EXERCISE GOAL:
Once the line holding "خودور 206 هنگام" is found, output it and all remaining lines of the data exactly, with every picture left out.

INFORMATION PROVIDED:
Content starts

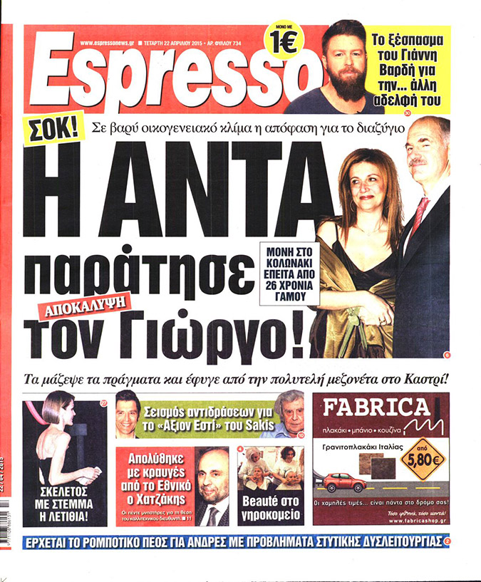 Σαστισμένοι οι πολίτες της Αθήνας στέκονται στα περίπτερα και κοιτάνε το πρωτοσέλιδο της Espresso που γράφει για το διαζύγιο Γιώργου και Άντας Παπανδρέου.
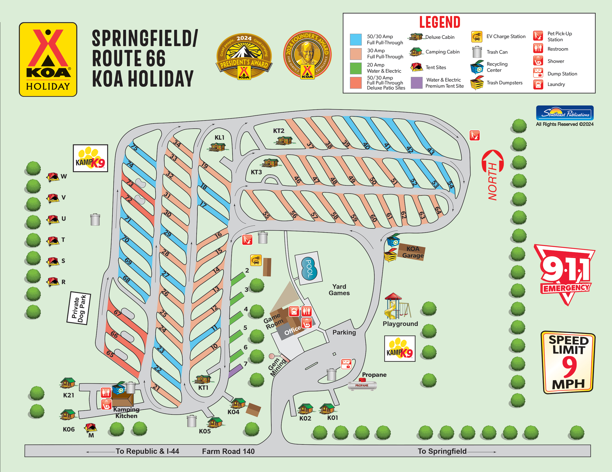 KOA Campground Map | Springfield/Route 66 KOA Holiday
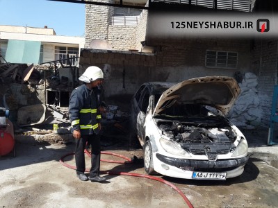 خودور 206 هنگام جوشکاری در داخل تعمیرگاه دچار آتش سوزی شد
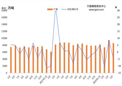 據國家統計局數據,2022年1-4月份全國鐵礦石原礦總產量為33079.4萬噸,同比下降0.9%,4月份受到疫情影響,導致國產原礦鐵礦石產量出現大幅下滑。

Content ends

ANSWER BOX:
 خودور 206 هنگام جوشکاری در داخل تعمیرگاه دچار آتش سوزی شد
 據國家統計局數據,2022年1-4月份全國鐵礦石原礦總產量為33079.4萬噸,同比下降0.9%,4月份受到疫情影響,導致國產原礦鐵礦石產量出現大幅下滑。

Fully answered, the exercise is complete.